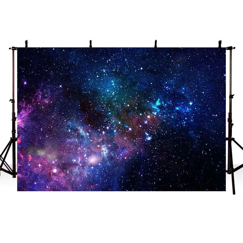 Фон для фотосъемки с изображением галактики звездного неба синего цвета ночного видения
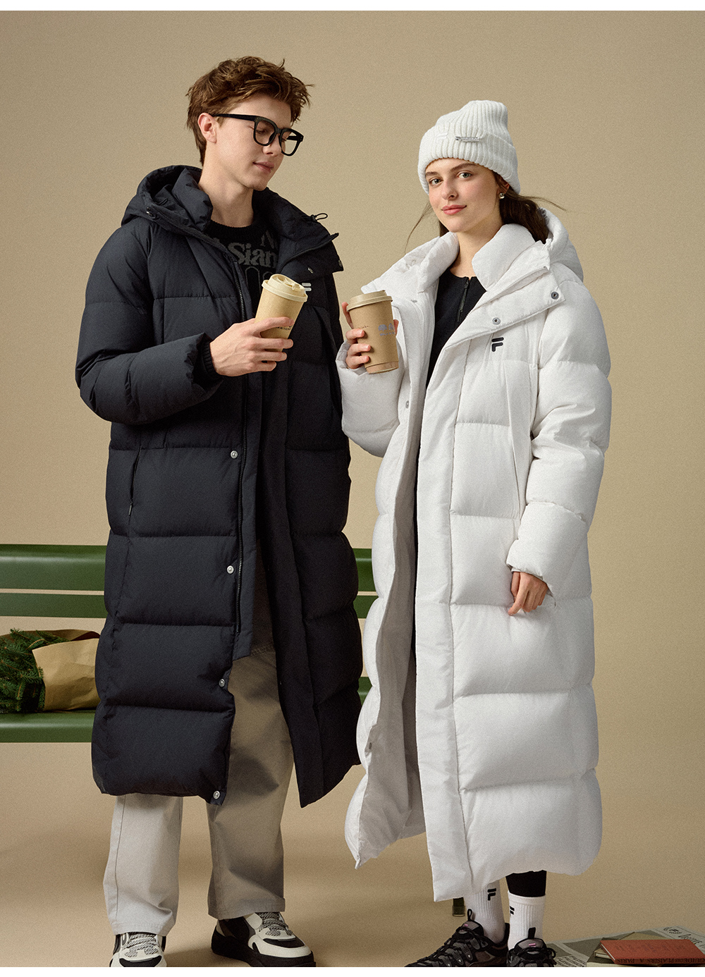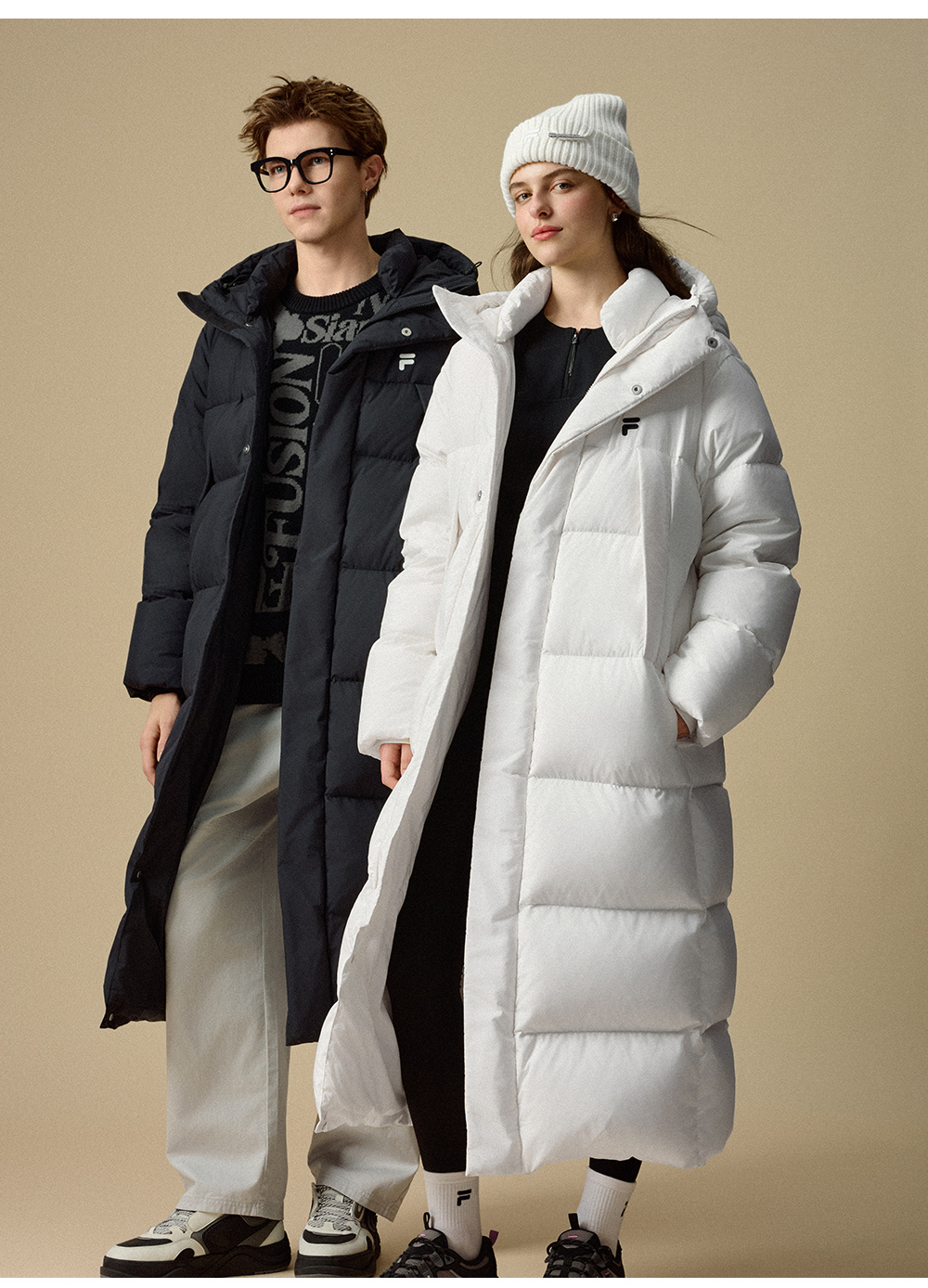 Fila Fusion Trendy Brand Couple's Long down Jacket 2025 Winter New Hooded Coat Goose down
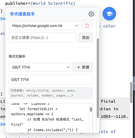 Fetch BibTeX/GB7714 from Google Scholar on any site. Support custom JS formatting.
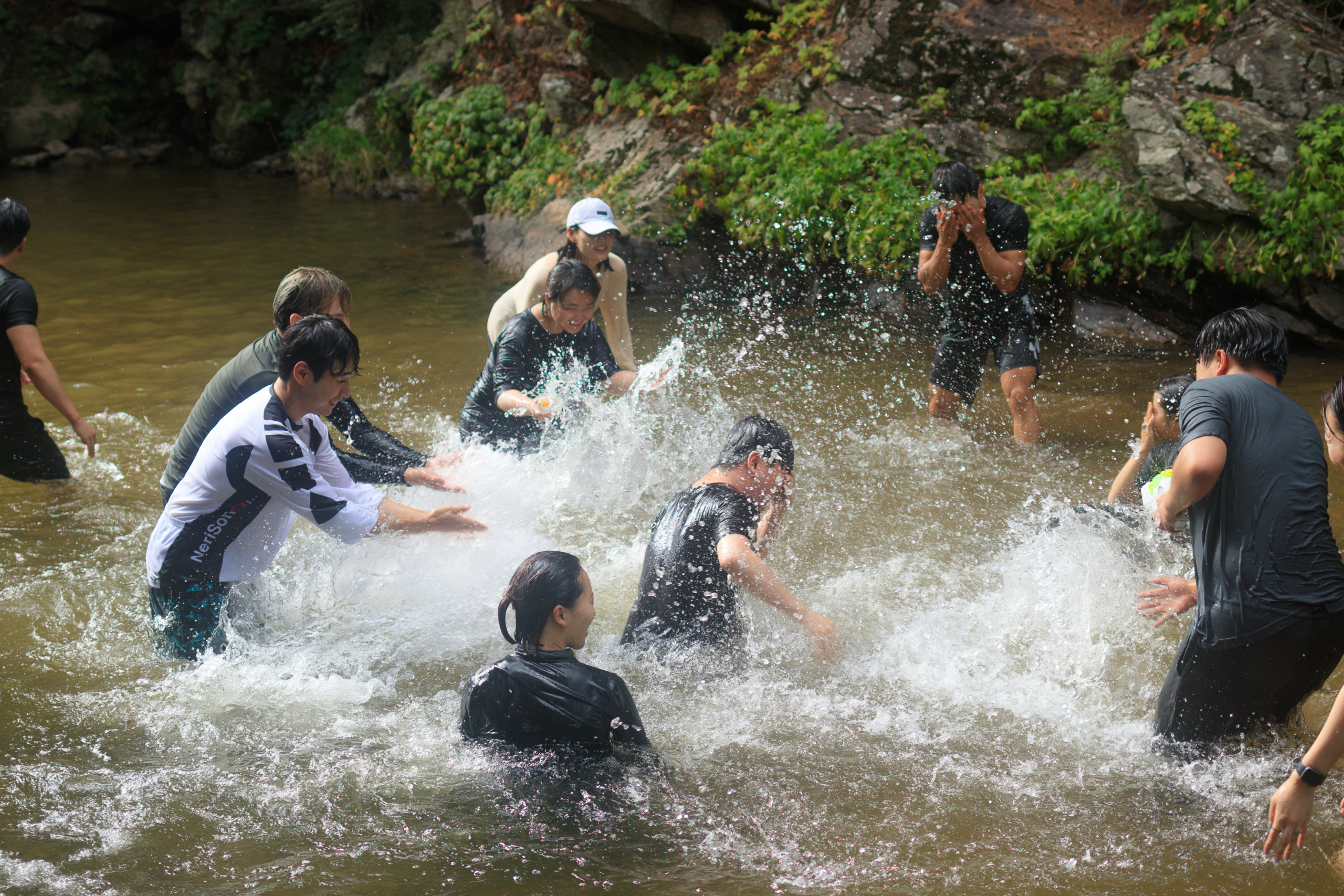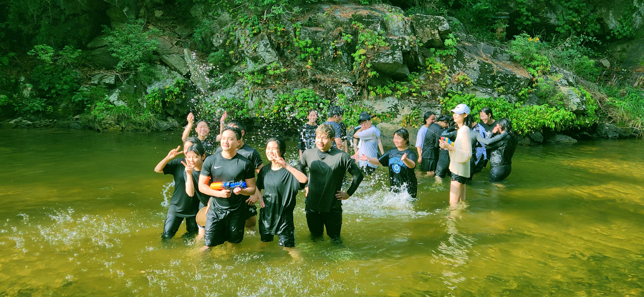 어찌저찌 장을 다 보고 인사를 나누는 시간, 처음 보는 얼굴들도 많았고, 익숙한 얼굴도 있었고, 너무 보고 싶었는데 못 보던 사람도 있었다. 정말 모두가 반가웠고, 그때부터 행복했다. 앞으로 이 사람들이랑 함께라는 생각에 행복할 시간들이 기대돼서 행복해지지 않을 수가 없었다. 그렇게 도착한 홍천 연수원, 두번째 봐도 설렌다. 짐을 풀고 들어간 계곡. 비가 내리고 시간이 좀 지난 다음 가서 그런지 수심은 작년보다 얕아 작년처럼 사람을 던지고 놀진 못했지만, 물이 얕아 던질 수 없다면 뭐, 우리가 물까지 다가가야지. 한 사람씩 엎어서 담그면 그만이다. 처음엔 역시 분위기를 주도하는 회장님, 찬하형 등등을 필두로 한 명씩 담그기 시작하더니 작년과 뭐가 달라졌냐는 듯 시간이 지나니 “뽀송뽀송한 사람 누구야?!”하며 거의 모두가 물에 빠진 생쥐 꼴이 될 때까지 서로를 빠트리며 놀았다. 아직 통성명도 안 한 사람들이 서로를 물에 빠트리고 담글 수 있다는 게 아직도 신기하다.

Work item
Skip the images and set down the rest of the data unchanged.

Solution to this exercise
 Фон для фотосъемки с изображением галактики звездного неба синего цвета ночного видения
 Fila Fusion Trendy Brand Couple's Long down Jacket 2025 Winter New Hooded Coat Goose down
 Fetch BibTeX/GB7714 from Google Scholar on any site. Support custom JS formatting.
 어찌저찌 장을 다 보고 인사를 나누는 시간, 처음 보는 얼굴들도 많았고, 익숙한 얼굴도 있었고, 너무 보고 싶었는데 못 보던 사람도 있었다. 정말 모두가 반가웠고, 그때부터 행복했다. 앞으로 이 사람들이랑 함께라는 생각에 행복할 시간들이 기대돼서 행복해지지 않을 수가 없었다. 그렇게 도착한 홍천 연수원, 두번째 봐도 설렌다. 짐을 풀고 들어간 계곡. 비가 내리고 시간이 좀 지난 다음 가서 그런지 수심은 작년보다 얕아 작년처럼 사람을 던지고 놀진 못했지만, 물이 얕아 던질 수 없다면 뭐, 우리가 물까지 다가가야지. 한 사람씩 엎어서 담그면 그만이다. 처음엔 역시 분위기를 주도하는 회장님, 찬하형 등등을 필두로 한 명씩 담그기 시작하더니 작년과 뭐가 달라졌냐는 듯 시간이 지나니 “뽀송뽀송한 사람 누구야?!”하며 거의 모두가 물에 빠진 생쥐 꼴이 될 때까지 서로를 빠트리며 놀았다. 아직 통성명도 안 한 사람들이 서로를 물에 빠트리고 담글 수 있다는 게 아직도 신기하다.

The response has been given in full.